Spor, adil mücadelenin alanı olmalıdır. Tribünlerde yer alan milyonlarca insan, kazanmayı ve kaybetmeyi aynı tutkuyla yaşar. Ancak ne zaman ki bir takım sahada istediğini alamaz, suçlu olarak hakemler hedef gösterilir. Yıllardır bu çark böyle dönüyor. Başarısızlıklar, yanlış taktikler, eksik kadro planlamaları görmezden gelinir ve faturası hakemlere kesilir. Peki, gerçekten suçlu olan hakemler mi?
Futbol, basketbol, boks… Hangi spor branşı olursa olsun, bir hakemin verdiği kararlar üzerinde yoğun bir baskı oluşur. Özellikle kritik anlarda alınan kararlar, takımların teknik ekipleri ve taraftarlar tarafından anında eleştirilir. Bazı yöneticiler ve spor kulüpleri, başarısız olduklarında önce kendi eksiklerini analiz etmek yerine, hakemleri hedef tahtasına koymayı tercih eder. Bu yetmezmiş gibi, kimi zaman siyasi erkler devreye girer. Kulüpler, hakem kararlarını manipüle etmek için üst düzey makamlarla temas kurmaya çalışır ve sporun bağımsızlığına büyük zarar verirler.
Hakemlik, tarafsızlık üzerine kuruludur. Ancak günümüzde tarafsız olmak giderek zorlaşıyor. Sosyal medyanın etkisiyle hakemler üzerinde oluşturulan linç kültürü, sporun ruhuna zarar veriyor. Maç sonrası hakemlerin isimleri karalanıyor, yanlış yorumlarla hedef gösteriliyor ve taraftarların öfkesine maruz bırakılıyorlar.

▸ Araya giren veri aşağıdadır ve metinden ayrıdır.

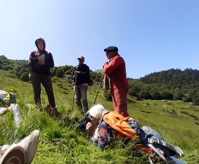 Alan FORTANÉ et Jean SOUST ont racontĂ© un chapelet d’anecdotes savoureuses sur la vie d’estive en VallĂ©e d’Ossau. Ils ont Ă©galement prĂ©sentĂ© les diverses espĂšces de rapaces qui cohabitent, dissertĂ© inĂ©vitablement sur les enjeux de la prĂ©sence de l’ours, en se remĂ©morant notamment les dĂ©licats Ă©pisodes de rĂ©introduction et les rĂ©actions qu’ils ont suscitĂ©. Des comparaisons ont pu ĂȘtre effectuĂ©es avec les relations homme/nature dans d’autres contrĂ©es connues par les auteurs comme au QuĂ©bec ou au Maroc grĂące aux auteurs prĂ©sents. Sur le chemin du retour, des moments de lecture en plein air ont scandĂ© la balade, sous les grands hĂȘtres, au son des cloches, avec le consentement bienveillant des troupeaux tout juste montĂ©s Ă  l’estive. Karin HUET et Gabrielle FILTEAU CHIBA ont lu des extraits de leur dernier ouvrage, tandis que Marie GUICHETEAU (titulaire d’une maitrise de Lettres Ă  l’UPPA en sus de son doctorat en gĂ©ographie) a lu des extraits de Parmi les arbres (Actes Sud, 2024) d’Alexis JENNI, in abstentia.

Hatta öyle ki, kimi hakemler yalnızca mesleklerini icra ettikleri için tehditler almak zorunda kalıyor. İşte tam bu noktada sorulması gereken kritik soru şu: Spor gerçekten adaletin ve rekabetin alanı mı, yoksa güçlülerin kendi çıkarlarına göre yönlendirdiği bir oyun mu?
Bir hakem olarak, aldığım her kararın yalnızca sporun kuralları çerçevesinde değerlendirileceğine inanmak istiyorum. Ancak, yıllardır gördüğümüz tablo pek de böyle değil. Hatalı bir yönetim sürecine sahip olan takımlar, başarısızlıklarını hakem kararlarına bağlayarak kendi sorumluluklarından kaçıyorlar. Bunun sonucunda, hakemlerin itibarı zedeleniyor ve mesleklerini tarafsız bir şekilde icra etmeleri giderek zorlaşıyor.
Sporun siyasetten bağımsız olması gerektiğini savunan sosyal demokrat bir bakış açısıyla hareket etmek, bu döngüyü kırmanın en önemli adımlarından biridir. Hakemler, herhangi bir siyasi ya da ekonomik gücün etkisinde kalmadan yalnızca sporun ruhuna hizmet etmelidir. Sporcular sahada mücadele ederken, biz hakemler adaletin sesi olmak zorundayız. Eğer bu ses susturulursa, spor yalnızca güç sahiplerinin elinde şekillenen bir oyuna dönüşür.
Başarı, sahada kazanılır. Politik destekle değil, adaletle… Ve en önemlisi, sporun hakemleri hedef göstermek yerine, kendi eksiklerini kabul eden yöneticilere ihtiyacı var. Çünkü hakemler, sporun düzenini koruyan son savunma hattıdır.